Provided records:

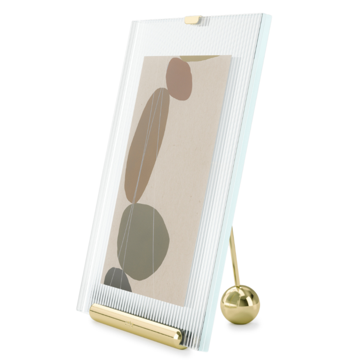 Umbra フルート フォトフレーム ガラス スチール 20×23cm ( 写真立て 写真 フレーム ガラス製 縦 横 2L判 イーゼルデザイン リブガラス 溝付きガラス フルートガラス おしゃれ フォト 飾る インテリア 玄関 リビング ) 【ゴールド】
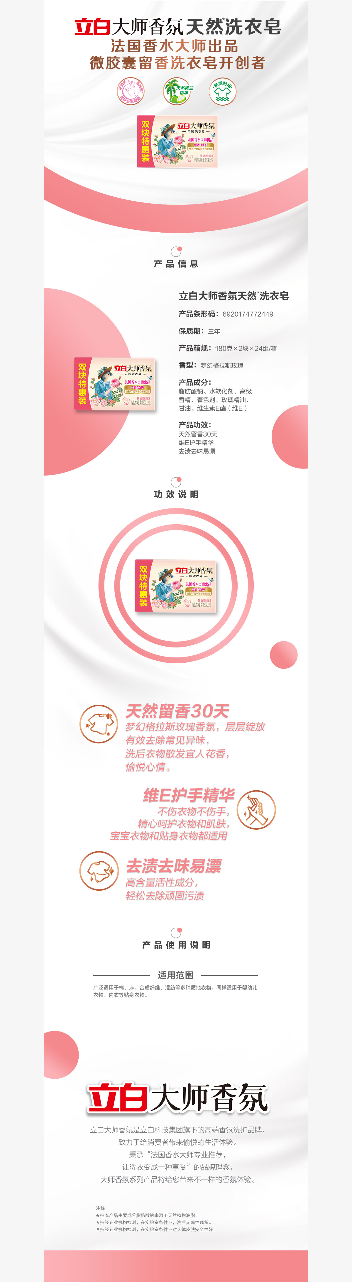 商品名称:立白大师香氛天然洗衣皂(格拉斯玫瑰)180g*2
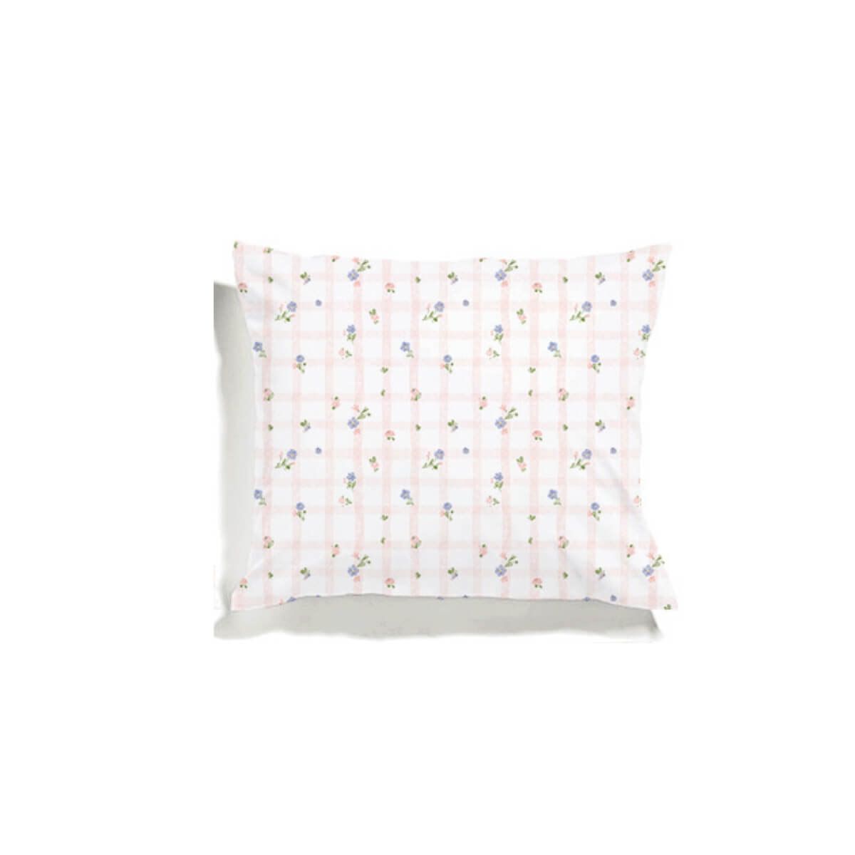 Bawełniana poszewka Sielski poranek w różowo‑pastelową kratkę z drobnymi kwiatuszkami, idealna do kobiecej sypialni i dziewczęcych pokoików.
---
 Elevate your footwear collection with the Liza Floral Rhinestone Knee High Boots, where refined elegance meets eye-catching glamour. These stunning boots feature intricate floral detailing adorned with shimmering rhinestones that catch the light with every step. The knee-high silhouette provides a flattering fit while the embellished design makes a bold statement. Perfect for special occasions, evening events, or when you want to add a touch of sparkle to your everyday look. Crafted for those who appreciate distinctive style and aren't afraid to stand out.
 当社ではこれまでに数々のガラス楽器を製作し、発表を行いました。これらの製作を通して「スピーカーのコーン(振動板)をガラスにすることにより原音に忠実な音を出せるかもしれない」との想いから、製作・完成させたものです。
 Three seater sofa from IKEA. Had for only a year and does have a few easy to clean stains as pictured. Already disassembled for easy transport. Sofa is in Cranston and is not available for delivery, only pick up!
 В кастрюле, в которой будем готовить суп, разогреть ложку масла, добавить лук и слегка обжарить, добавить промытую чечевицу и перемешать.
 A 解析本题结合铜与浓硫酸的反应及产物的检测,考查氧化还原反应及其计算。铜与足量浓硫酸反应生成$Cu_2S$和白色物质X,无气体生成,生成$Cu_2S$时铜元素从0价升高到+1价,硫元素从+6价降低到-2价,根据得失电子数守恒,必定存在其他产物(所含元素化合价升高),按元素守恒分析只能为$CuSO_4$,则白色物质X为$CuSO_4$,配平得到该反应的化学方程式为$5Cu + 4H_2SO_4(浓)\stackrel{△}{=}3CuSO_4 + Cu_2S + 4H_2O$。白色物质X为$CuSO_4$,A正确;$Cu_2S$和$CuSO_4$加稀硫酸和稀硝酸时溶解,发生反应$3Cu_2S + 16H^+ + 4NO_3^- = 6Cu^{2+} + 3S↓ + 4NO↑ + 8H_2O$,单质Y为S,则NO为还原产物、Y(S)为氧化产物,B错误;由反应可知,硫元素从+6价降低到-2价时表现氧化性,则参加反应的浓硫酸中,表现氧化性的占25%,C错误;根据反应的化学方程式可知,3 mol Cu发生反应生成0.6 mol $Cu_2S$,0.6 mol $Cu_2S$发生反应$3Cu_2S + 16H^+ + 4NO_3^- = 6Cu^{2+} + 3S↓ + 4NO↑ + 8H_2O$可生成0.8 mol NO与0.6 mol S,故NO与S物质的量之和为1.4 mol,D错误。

Instructions for the task: When the line with "Elevate your footwear" is reached in the data above, start copying there, and copy each line exactly until the line with "В кастрюле, в" has been copied; copy nothing else.

Finished task:
 Elevate your footwear collection with the Liza Floral Rhinestone Knee High Boots, where refined elegance meets eye-catching glamour. These stunning boots feature intricate floral detailing adorned with shimmering rhinestones that catch the light with every step. The knee-high silhouette provides a flattering fit while the embellished design makes a bold statement. Perfect for special occasions, evening events, or when you want to add a touch of sparkle to your everyday look. Crafted for those who appreciate distinctive style and aren't afraid to stand out.
 当社ではこれまでに数々のガラス楽器を製作し、発表を行いました。これらの製作を通して「スピーカーのコーン(振動板)をガラスにすることにより原音に忠実な音を出せるかもしれない」との想いから、製作・完成させたものです。
 Three seater sofa from IKEA. Had for only a year and does have a few easy to clean stains as pictured. Already disassembled for easy transport. Sofa is in Cranston and is not available for delivery, only pick up!
 В кастрюле, в которой будем готовить суп, разогреть ложку масла, добавить лук и слегка обжарить, добавить промытую чечевицу и перемешать.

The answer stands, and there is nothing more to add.